--- START ---
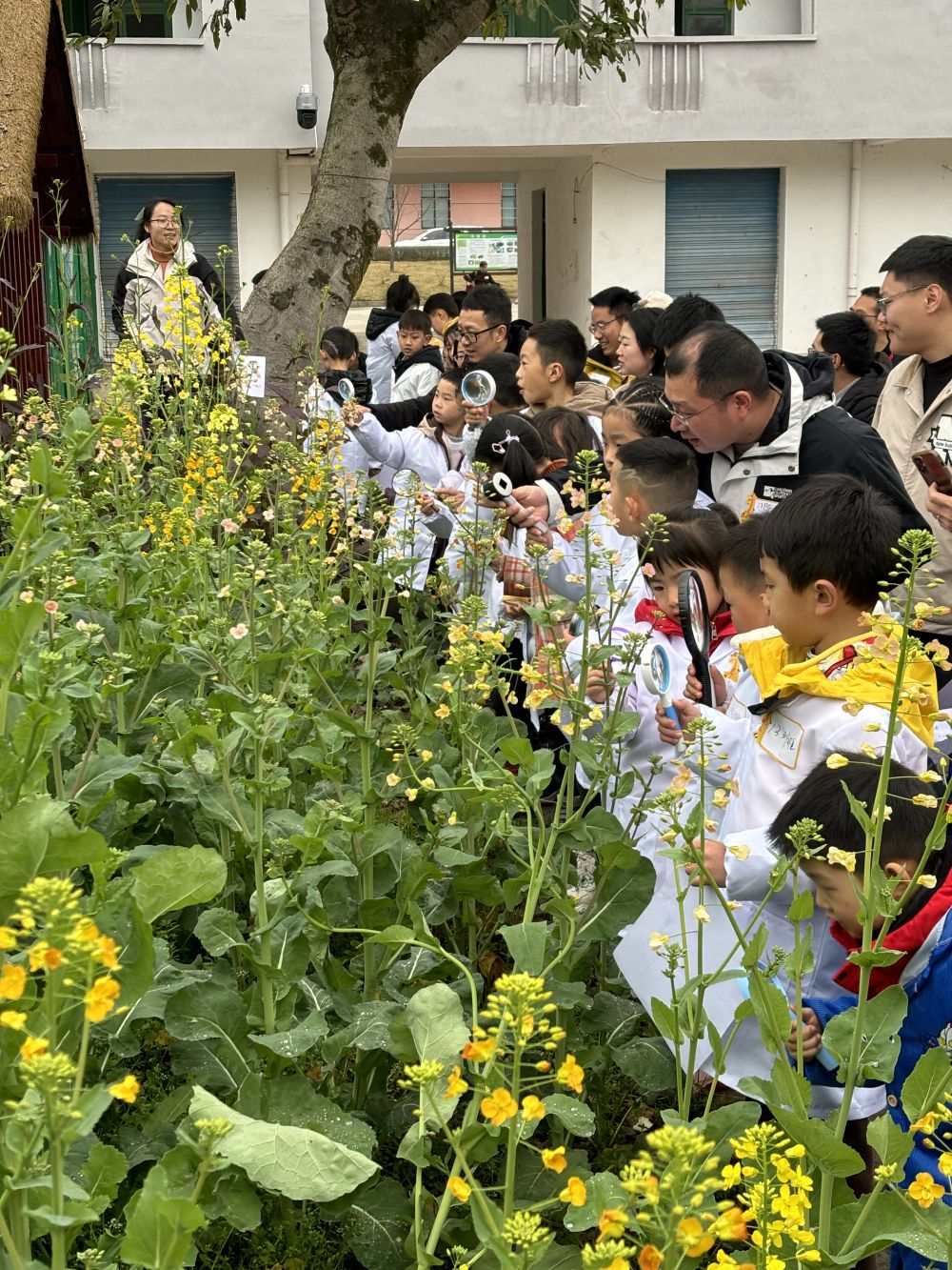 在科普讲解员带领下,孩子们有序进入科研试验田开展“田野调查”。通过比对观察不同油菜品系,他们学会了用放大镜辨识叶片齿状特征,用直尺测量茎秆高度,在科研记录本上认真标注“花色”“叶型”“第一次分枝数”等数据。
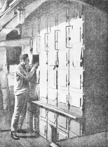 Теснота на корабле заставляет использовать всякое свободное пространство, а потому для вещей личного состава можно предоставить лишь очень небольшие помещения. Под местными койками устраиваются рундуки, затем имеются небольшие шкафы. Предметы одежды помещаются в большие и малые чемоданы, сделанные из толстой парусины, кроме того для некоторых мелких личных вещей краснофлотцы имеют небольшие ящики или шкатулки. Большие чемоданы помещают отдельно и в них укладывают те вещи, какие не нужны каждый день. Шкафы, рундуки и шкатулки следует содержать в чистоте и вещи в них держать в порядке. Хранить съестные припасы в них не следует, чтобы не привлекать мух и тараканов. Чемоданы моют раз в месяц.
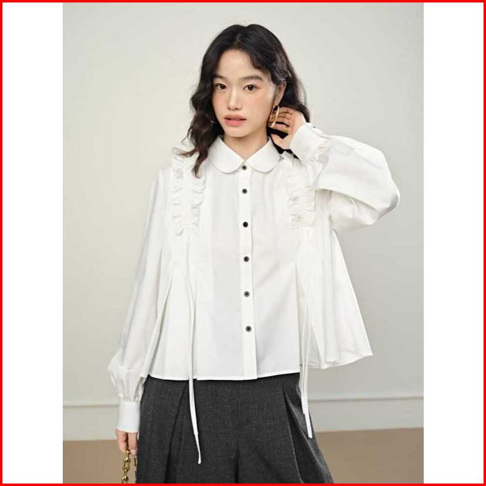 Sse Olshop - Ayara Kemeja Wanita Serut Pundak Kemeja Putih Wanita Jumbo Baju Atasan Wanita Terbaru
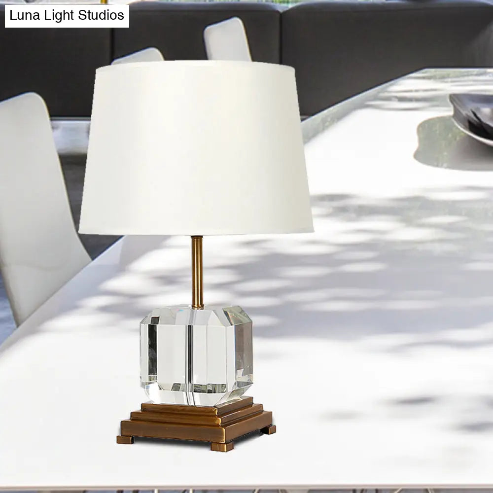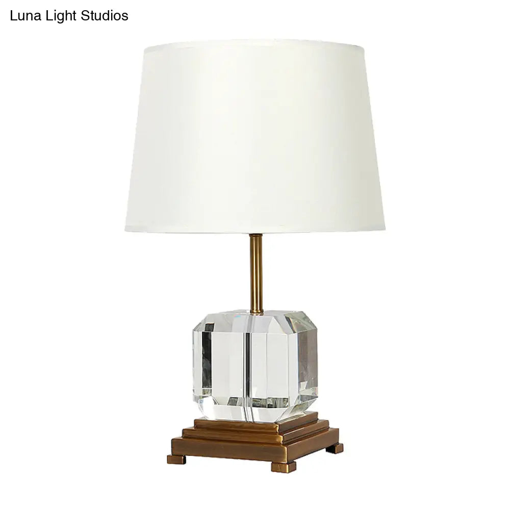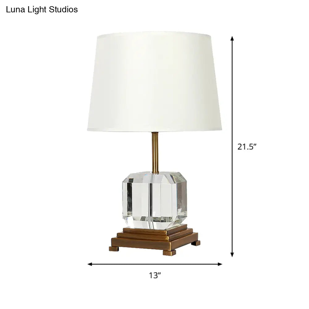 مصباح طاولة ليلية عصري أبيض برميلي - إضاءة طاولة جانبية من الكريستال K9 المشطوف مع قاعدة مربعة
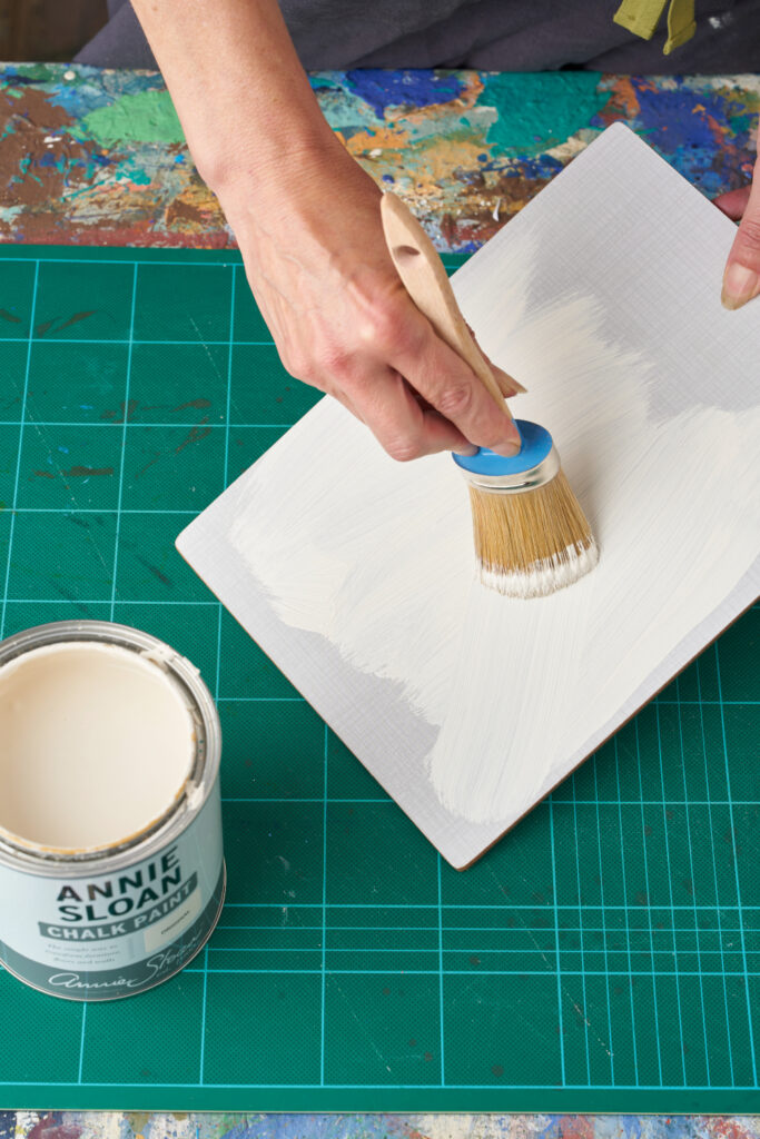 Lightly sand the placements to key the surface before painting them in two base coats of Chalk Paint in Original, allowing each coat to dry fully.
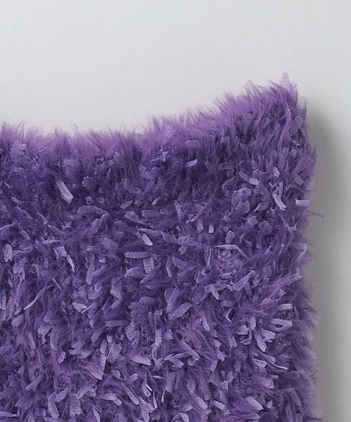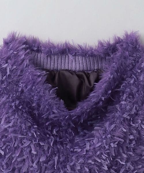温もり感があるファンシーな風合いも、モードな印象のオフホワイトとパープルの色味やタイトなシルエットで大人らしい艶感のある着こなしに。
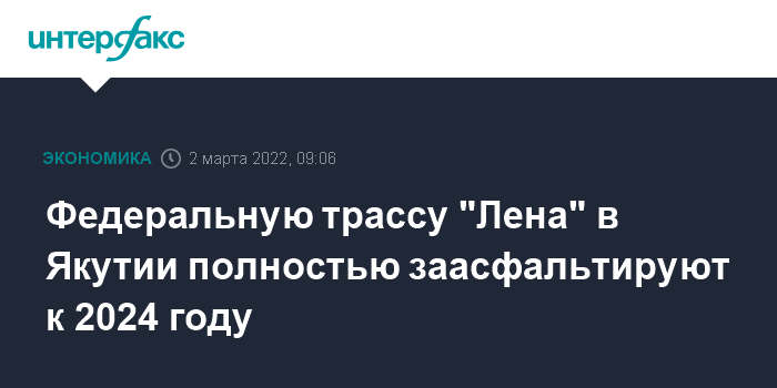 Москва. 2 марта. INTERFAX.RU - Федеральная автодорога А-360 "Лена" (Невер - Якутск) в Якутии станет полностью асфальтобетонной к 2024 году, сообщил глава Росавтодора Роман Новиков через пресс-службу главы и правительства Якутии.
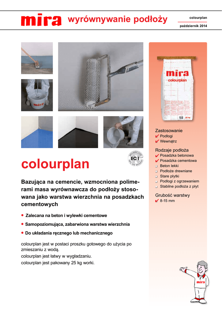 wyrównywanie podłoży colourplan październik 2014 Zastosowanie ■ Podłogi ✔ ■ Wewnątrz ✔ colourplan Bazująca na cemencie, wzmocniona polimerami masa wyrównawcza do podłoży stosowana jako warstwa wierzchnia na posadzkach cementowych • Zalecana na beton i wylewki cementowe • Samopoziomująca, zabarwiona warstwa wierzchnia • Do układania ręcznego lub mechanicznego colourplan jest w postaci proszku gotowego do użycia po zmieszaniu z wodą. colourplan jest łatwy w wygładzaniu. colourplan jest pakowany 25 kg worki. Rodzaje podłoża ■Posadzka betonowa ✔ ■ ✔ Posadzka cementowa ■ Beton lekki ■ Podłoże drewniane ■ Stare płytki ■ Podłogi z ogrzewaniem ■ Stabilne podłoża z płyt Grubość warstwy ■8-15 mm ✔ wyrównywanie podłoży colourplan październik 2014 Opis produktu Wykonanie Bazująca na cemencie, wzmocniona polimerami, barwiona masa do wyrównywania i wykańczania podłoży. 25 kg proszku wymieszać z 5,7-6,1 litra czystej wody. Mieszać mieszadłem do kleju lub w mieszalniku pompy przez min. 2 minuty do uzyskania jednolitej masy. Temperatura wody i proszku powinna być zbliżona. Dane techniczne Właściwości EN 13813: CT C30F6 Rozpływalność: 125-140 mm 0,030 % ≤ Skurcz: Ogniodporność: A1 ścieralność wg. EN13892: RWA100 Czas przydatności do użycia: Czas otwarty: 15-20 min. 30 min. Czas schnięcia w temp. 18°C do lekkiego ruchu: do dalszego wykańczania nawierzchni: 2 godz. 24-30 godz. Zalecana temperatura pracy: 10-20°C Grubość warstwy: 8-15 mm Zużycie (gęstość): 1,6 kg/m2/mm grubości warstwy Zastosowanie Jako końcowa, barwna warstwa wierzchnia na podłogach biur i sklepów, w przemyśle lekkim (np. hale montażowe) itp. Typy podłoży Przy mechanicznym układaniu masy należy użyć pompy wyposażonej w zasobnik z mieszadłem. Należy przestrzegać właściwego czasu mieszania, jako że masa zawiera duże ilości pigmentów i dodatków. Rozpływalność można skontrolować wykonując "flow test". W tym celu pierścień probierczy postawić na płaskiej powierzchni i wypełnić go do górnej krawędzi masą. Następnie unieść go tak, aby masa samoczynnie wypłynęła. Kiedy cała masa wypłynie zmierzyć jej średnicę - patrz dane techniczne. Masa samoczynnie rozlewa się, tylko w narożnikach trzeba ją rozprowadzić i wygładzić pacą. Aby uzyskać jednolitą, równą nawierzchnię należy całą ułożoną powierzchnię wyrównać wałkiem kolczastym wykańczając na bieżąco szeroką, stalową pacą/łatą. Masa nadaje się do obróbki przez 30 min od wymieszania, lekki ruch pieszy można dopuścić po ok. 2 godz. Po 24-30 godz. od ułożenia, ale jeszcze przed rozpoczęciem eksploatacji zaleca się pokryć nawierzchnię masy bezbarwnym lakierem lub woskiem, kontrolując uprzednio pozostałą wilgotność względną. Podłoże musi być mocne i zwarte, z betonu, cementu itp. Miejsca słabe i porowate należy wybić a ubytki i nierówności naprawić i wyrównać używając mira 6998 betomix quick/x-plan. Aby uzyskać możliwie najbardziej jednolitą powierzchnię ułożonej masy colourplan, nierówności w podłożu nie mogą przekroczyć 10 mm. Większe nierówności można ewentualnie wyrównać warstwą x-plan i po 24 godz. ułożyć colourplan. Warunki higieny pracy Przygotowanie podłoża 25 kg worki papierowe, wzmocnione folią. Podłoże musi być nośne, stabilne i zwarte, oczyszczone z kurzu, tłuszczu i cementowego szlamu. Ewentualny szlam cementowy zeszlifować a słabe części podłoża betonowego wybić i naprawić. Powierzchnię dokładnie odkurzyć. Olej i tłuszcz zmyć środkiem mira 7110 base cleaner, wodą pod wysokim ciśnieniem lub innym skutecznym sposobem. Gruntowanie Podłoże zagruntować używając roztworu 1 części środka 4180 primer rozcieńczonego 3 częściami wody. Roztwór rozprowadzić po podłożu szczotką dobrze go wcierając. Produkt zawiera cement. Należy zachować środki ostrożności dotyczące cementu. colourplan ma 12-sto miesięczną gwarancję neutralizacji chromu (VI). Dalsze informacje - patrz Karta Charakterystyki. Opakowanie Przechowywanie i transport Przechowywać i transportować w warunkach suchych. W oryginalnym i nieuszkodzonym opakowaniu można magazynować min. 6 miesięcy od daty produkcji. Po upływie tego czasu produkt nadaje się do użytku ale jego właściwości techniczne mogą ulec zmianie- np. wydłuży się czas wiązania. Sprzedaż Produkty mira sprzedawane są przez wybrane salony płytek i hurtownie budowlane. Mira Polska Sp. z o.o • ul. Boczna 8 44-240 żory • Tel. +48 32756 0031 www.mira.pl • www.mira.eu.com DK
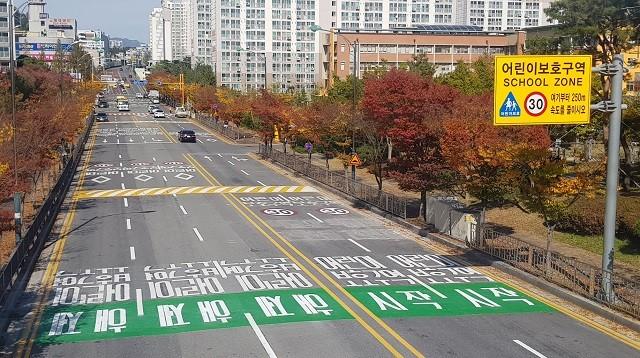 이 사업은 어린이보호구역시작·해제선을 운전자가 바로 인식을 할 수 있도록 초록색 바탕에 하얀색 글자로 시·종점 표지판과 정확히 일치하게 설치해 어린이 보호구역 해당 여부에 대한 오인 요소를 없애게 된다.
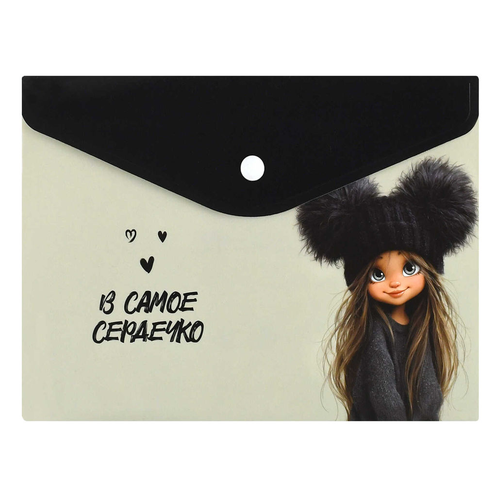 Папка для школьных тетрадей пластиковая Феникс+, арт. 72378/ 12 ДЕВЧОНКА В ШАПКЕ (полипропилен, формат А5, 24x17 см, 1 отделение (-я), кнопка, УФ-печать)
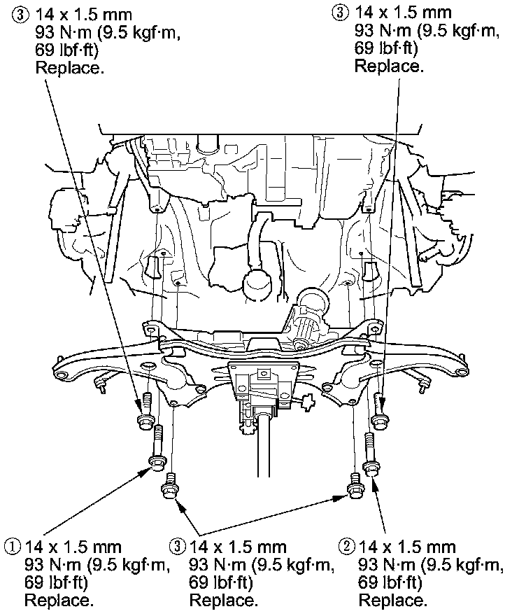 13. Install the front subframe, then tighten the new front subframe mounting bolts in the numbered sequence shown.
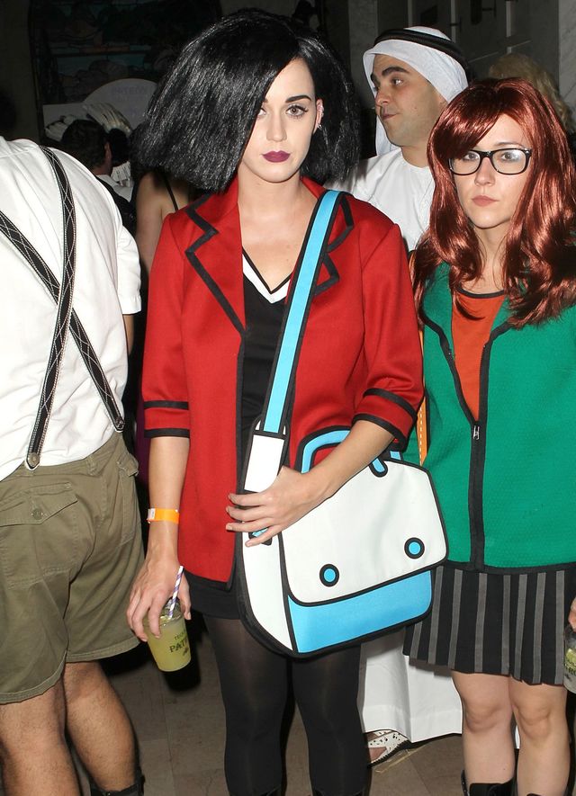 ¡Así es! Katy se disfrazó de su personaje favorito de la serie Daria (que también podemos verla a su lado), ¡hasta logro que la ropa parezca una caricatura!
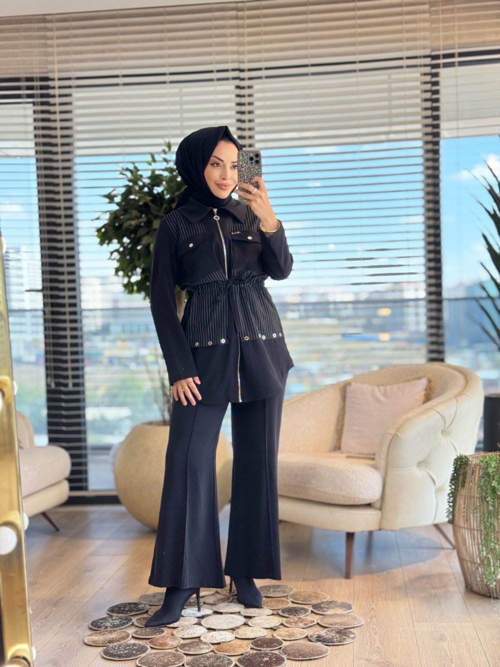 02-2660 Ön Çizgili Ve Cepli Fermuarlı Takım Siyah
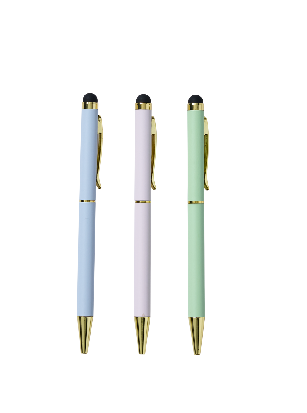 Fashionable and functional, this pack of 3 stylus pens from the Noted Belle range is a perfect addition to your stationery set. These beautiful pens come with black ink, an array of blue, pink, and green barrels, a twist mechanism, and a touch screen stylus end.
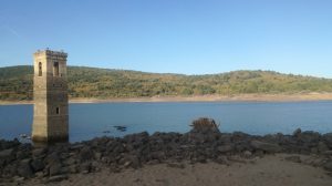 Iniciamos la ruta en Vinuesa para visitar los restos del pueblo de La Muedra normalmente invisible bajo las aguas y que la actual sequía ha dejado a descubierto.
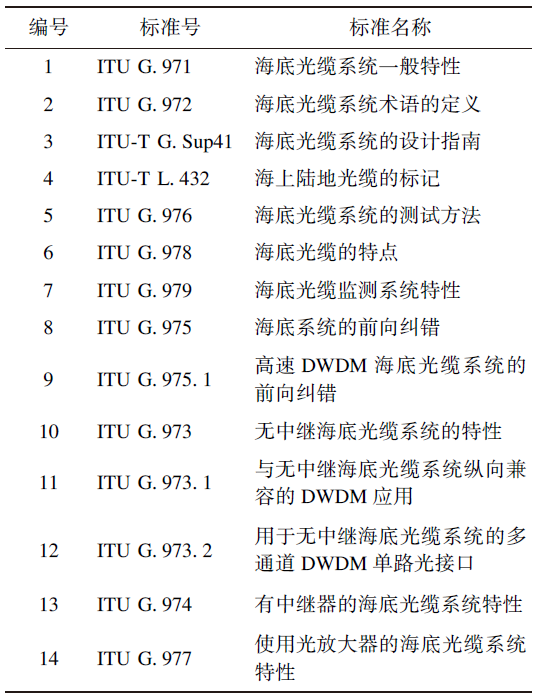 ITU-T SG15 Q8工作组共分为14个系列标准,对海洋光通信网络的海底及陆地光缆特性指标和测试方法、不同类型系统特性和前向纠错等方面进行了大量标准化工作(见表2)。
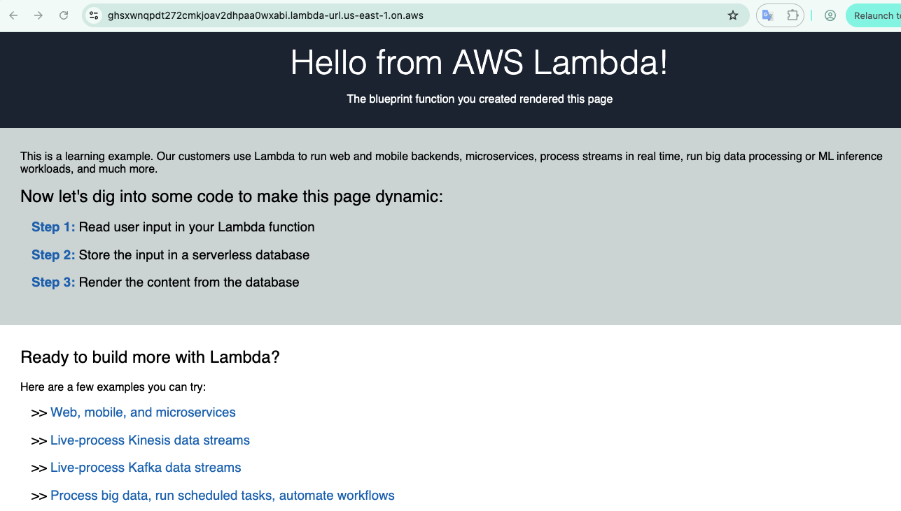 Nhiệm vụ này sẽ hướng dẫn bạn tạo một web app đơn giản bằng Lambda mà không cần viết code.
--- END ---
### [EXERCISE DIRECTIONS]
Both the line above containing "parezca una caricatura!" and the line containing "02-2660 Ön Çizgili" belong in the copy, along with every line between them; print these exactly and omit the pictures.

### [SOLVED PROBLEM]
 ¡Así es! Katy se disfrazó de su personaje favorito de la serie Daria (que también podemos verla a su lado), ¡hasta logro que la ropa parezca una caricatura!
 02-2660 Ön Çizgili Ve Cepli Fermuarlı Takım Siyah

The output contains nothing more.